The Apple Watch will continue to have some patent infringement problems according to the U.S. Court of Appeals for the Federal Circuit.

A new report from Reuters explains that Apple will have to face a patent infringement lawsuit over the heart rate sensor technology in the Apple Watch, citing a ruling by the U.S. Court of Appeals for the Federal Circuit.

The original lawsuit, filed by Omni MedSci in 2018, had alleged that Apple Watch’s heart rate measurement technology infringed on multiple patents owned by the company, as per the report.

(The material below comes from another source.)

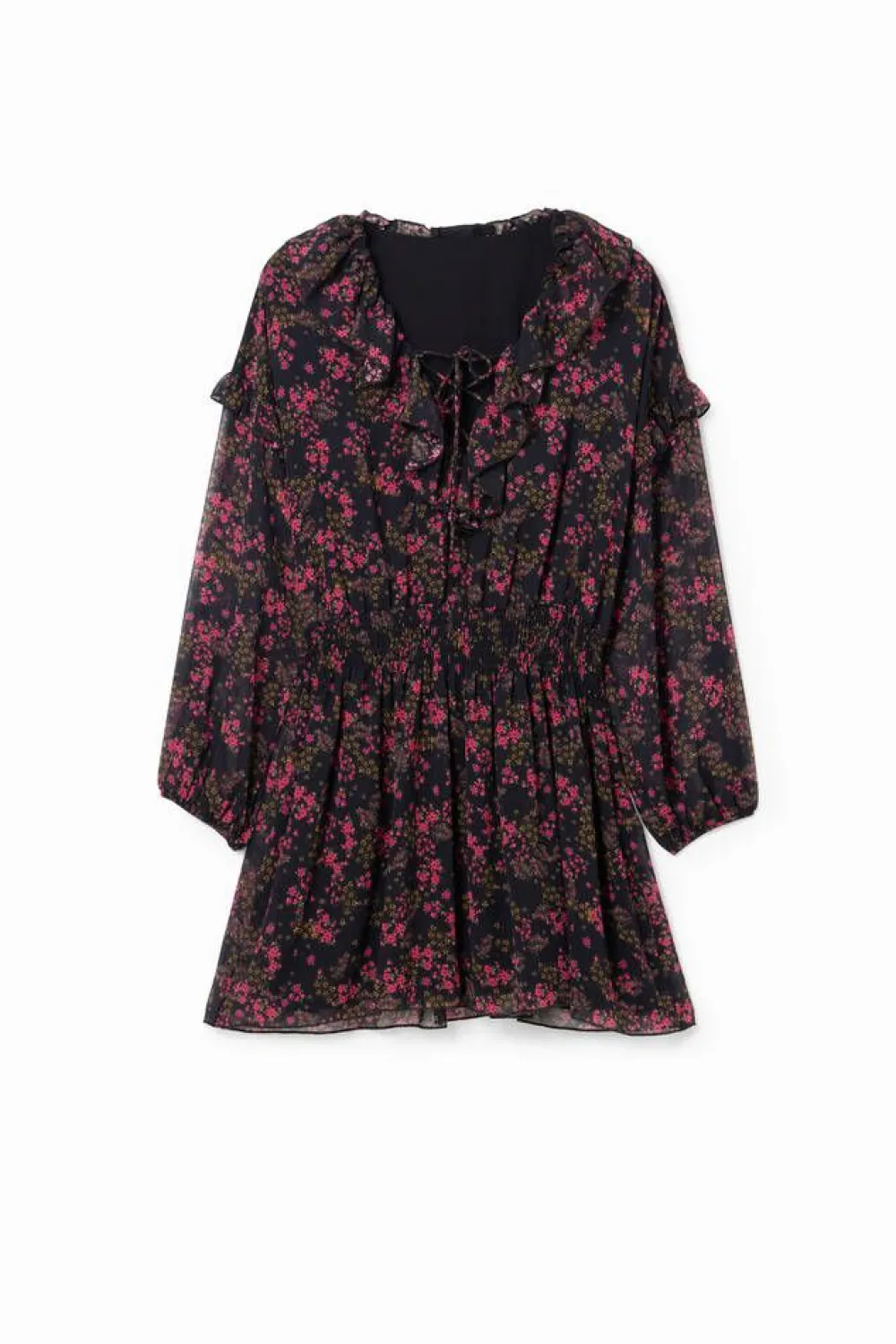 Kaunis sifonkimekko pienellä kukkakuosilla, pitkillä hihoilla ja vyötärön smokkirypytyksillä. Pääntiellä on rö…

Apple’s move to get the lawsuit dismissed was denied by a U.S. District Court. The case was brought to the Federal Circuit after the Cupertino company appealed the decision, the report noted.

The patents were reportedly owned by University of Michigan professor Mohammed Islam, who later assigned the patent rights to Omni MedSci.

Apple attempted to escape the case by claiming the patents in question, which focus on heart rate detection, were owned by a university rather than the professor who brought the suit forward.

“The employment agreement between professor Mohammed Islam and the university didn’t automatically assign his patents to it, and Apple couldn’t escape the case based on a lack of standing by his company Omni MedSci Inc, U.S. Circuit Judge Richard Linn said for a divided three-judge panel,” reads the report.

Circuit Judge Pauline Newman dissented, arguing the majority “overturns decades of unchallenged understanding and implementation of the University’s employment agreement and policy documents.”